Ходжа Ахрар, Господин Свободных, ответил:
«Вы порвали со своей привязанностью к «учителям»-подражателям, но все еще не отвратились от почитания самих себя, которое заставляет вас воображать, что вы несете ответственность за пленников лжи. Многие из этих пленников не могут выпутаться из сетей обмана, поскольку сами не отвратились от обмана и жаждут легкого знания».
«Что же нам делать?» — спросил Эмируддин Арози.
«Приходите ко мне с открытым сердцем и без условий, даже если эти условия — служба человечеству или то, чтобы мои действия были объяснимы для вас,— сказал Мастер. — Потому что освобождение ваших товарищей - дело тех, кто способен на это, но не ваше. Даже ваша способность к тому, чтобы составить мнение обо мне, искажена, и я не стал бы на нее полагаться».
Однако, как можно предположить, боясь, что они могут сделать другую ошибку, Арози и его жена ушли искать другого человека, который бы поддержал их. Они его нашли. Тот, как оказалось, был просто еще одним притворщиком.
Прошли годы, и супруги вновь направились к дому Ходжи Ахрара. «Мы пришли в полном смирении,— сказали они привратнику,— чтоб отдать себя в руки Господина Свободных, как если бы мы были трупами в руках обмывателя трупов».
«Добрые люди,— сказал привратник,— ваша решимость кажется мне достойной, подобно решимости тех, кого Господин Свободных принял бы как учеников. Но у вас уже нет второго шанса — потому что Ходжа Ахрар умер»».
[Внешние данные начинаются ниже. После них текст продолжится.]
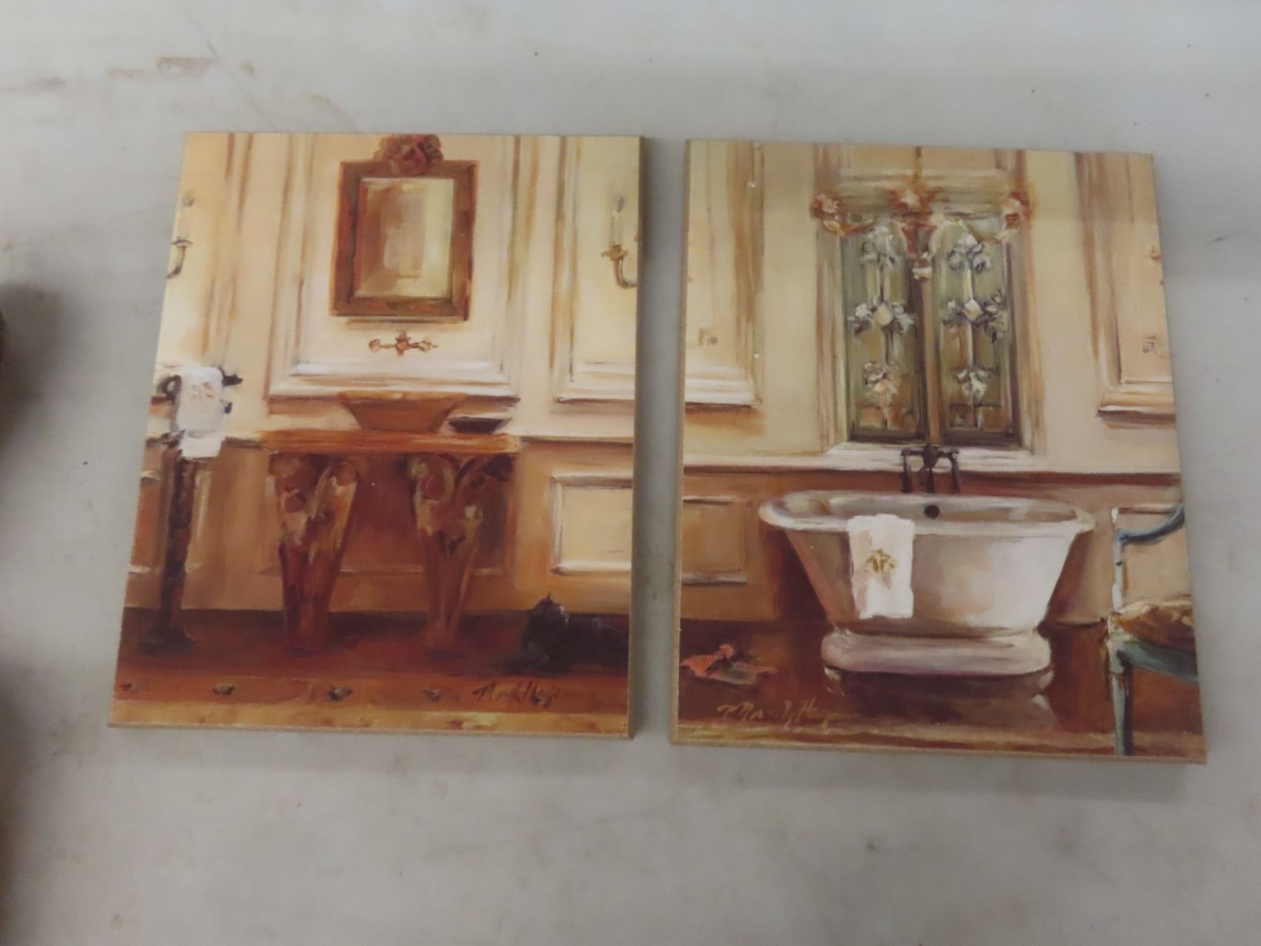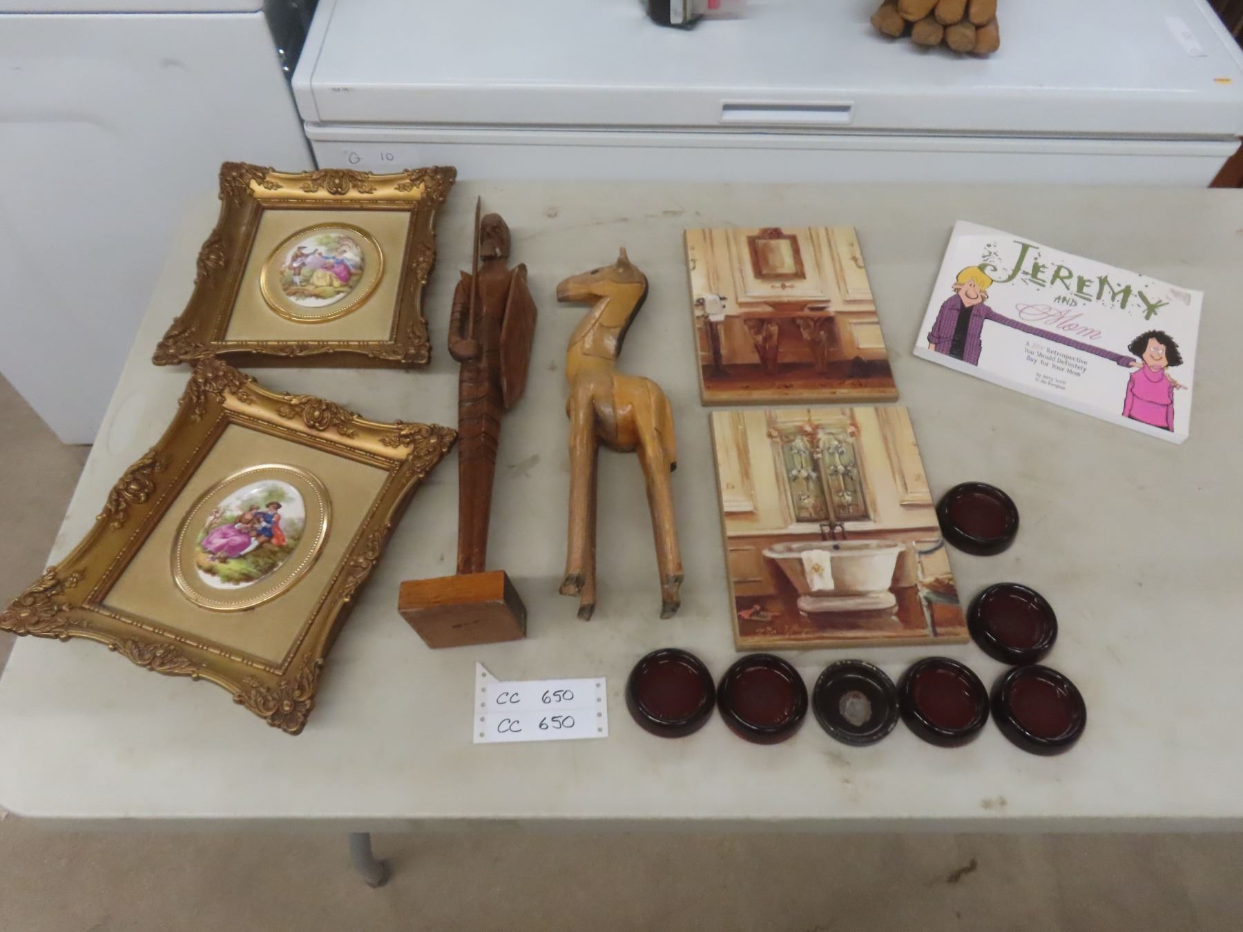 Lot 650 4 Pictures (Largest 12" x 11"), 2 Wood Sculptures, 6 Vintage Furniture Coasters

Убайдуллах Ахрар умер в 1489 годy. Проводить святого в последний путь пришли почти все жители Самарканда, в том числе и султан Ахмед, который нёс гроб с телом Учителя на плечах до места его упокоения. Ходжа Ахрар был похоронен на территории построенной им суфийской ханаки в селении Кафшир к югу от Самарканда.

Надгробие Ходжи Ахрара среди других,

принадлежащих правителям Самарканда





Полулегендарная фигура суфия, которого в Казахстане называют Арыстан-Баб, а в других странах Арслан-Баба, остается, пожалуй, самой мистической в ряду Мастеров, учивших на территории современного Казахстана.
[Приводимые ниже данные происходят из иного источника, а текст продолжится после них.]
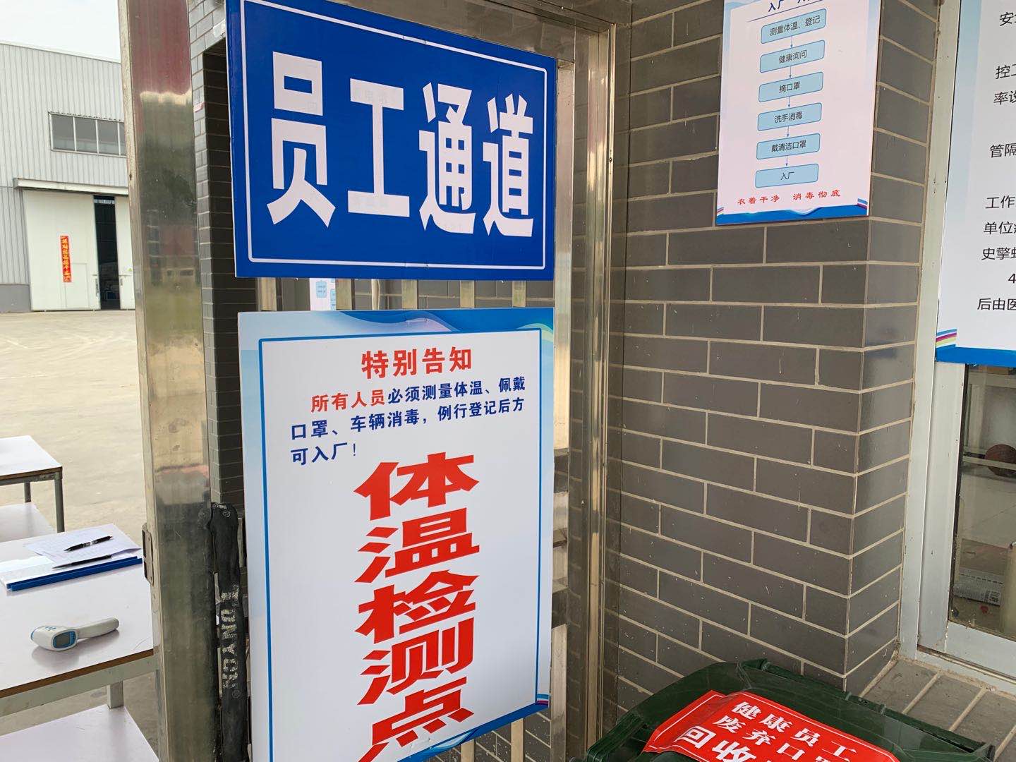 4.嚴(yán)格控制人員進(jìn)出、加強(qiáng)安保,外來(lái)人員嚴(yán)格控制并登記,出入口設(shè)卡檢測(cè)體溫、觀察是否有咳嗽等癥狀;

По преданию, Арыстан-Баб был сподвижником Пророка Мухаммада (мир ему!), то есть родился за несколько веков (!) до начала своей работы в Средней Азии. Некоторые источники идентифицируют его с личностью Салмана-и-Фарси, распространявшего учение Пророка в Персии. (Данная идентификация, однако, помимо проблемы хронологии, создает много других вопросов, на которые я лично так и не нашла убедительных ответов, поэтому оставляю ее в области легендарного).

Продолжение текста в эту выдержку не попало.